`Dark Knight,' `Milk' Jockey for Golden Globe Noms

BEVERLY HILLS, Calif. – The Academy Awards picture should begin to grow clearer as contenders are announced for Hollywood's Oscar prelude, the Golden Globes.

Nominations for the 66th annual Globes on Thursday will help sort out Oscar prospects in a wide-open field of films and performances, from which front-runners have yet to emerge.

The Batman blockbuster "The Dark Knight," once considered a longshot for the top prize because of its superhero trappings, has seen its best-picture chances swell now that studios have unveiled the last of their late-year prestige films.

While some fine films have surfaced, critics and awards watchers sense that "The Dark Knight" can stand with the best of them.
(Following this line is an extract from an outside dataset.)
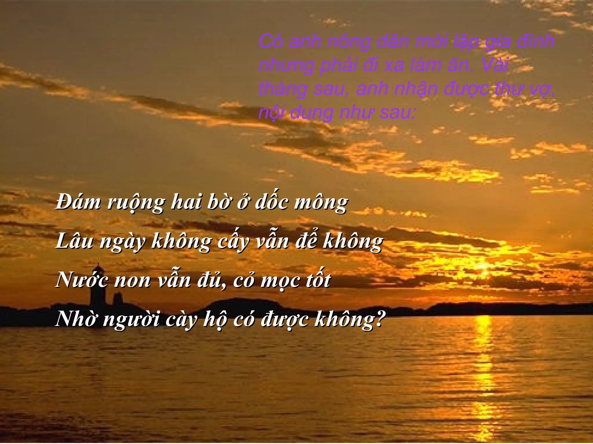 Một câu chuyện về một cặp vợ chồng nông dân, trong đó người vợ cố gắng thuyết phục chồng cày cấy ruộng trong khi chồng ngó lơ và từ chối nhờ người khác cày hộ. Cuối cùng, người vợ gửi thông điệp khẩn cấp cho chồng rằng theo luật mới, ruộng không cấy sẽ bị sung công. Cuộc tranh luận giữa họ phản ánh sự khác biệt trong quan điểm về công việc và trách nhiệm trong nông nghiệp.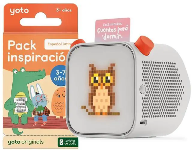 5 minutos: Cuentos para dormir, 12 canciones para bailar y jugar, Mis primeras 100 palabras en ingles, Juegos y retos antiaburrimiento, Tarjeta creativa. ^^ EASY TO SET UP & USE: Simply pop an audio card into the Player to play & remove to stop. Use the large dials to adjust the volume & tracks or control the device via the free App! ^^

Supporting-actor buzz for co-star Heath Ledger, who died the day of Oscar nominations last January, remains as strong as ever, while "Dark Knight" filmmaker Christopher Nolan has a good shot in the directing category.

Other films in the mix include Sean Penn's Harvey Milk biography "Milk"; Brad Pitt and Cate Blanchett's romantic fantasy "The Curious Case of Benjamin Button"; Ron Howard's Richard Nixon drama "Frost/Nixon"; Danny Boyle's poor-boy-makes-good saga "Slumdog Millionaire"; and Clint Eastwood's vigilante tale "Gran Torino."
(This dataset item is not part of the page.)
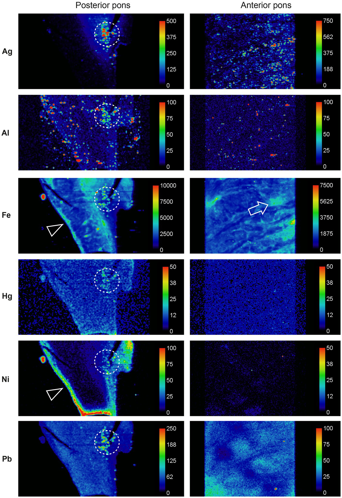 Toxic metals in the pons of a person with MS. Posterior pons: metals present in the locus ceruleus (within dashed circles) are silver, aluminium, iron, mercury, nickel, and lead. Iron and nickel are seen in subpial regions adjacent to the cerebrospinal fluid (arrowheads). Anterior pons: silver, iron and lead are present in white matter regions, and iron around blood vessels (arrow). Methods: adapted from (26).

The acting categories could end up a mix of top-name actors such as Penn, Pitt, Eastwood, Angelina Jolie ("Changeling") and Kate Winslet ("Revolutionary Road," "The Reader"), along with such lesser-known performers as Sally Hawkins ("Happy-Go-Lucky"), Melissa Leo ("Frozen River") and Viola Davis ("Doubt").
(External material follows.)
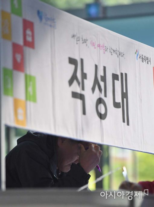 [아시아경제 백소아 기자] 18일 서울 서초구 서초구청에서 열린 2016 서울시 찾아가는 취업박람회에서 한 구직자가 이력서를 작성하다 고민하고 있다.

The Globe ceremony is scheduled for Jan. 11, 11 days before Oscar nominations.

The glitzy Globes were canceled last year after celebrities said they would boycott the show in honor of a strike by the Writers Guild of America. Winners were announced at a hasty news conference instead.

Hollywood faces labor strife again with a potential strike by the Screen Actors Guild. But a strike-authorization vote early next month would come too late to affect the Globes this time.

The awards are presented by the Hollywood Foreign Press Association, a group of about 85 critics and reporters for overseas outlets.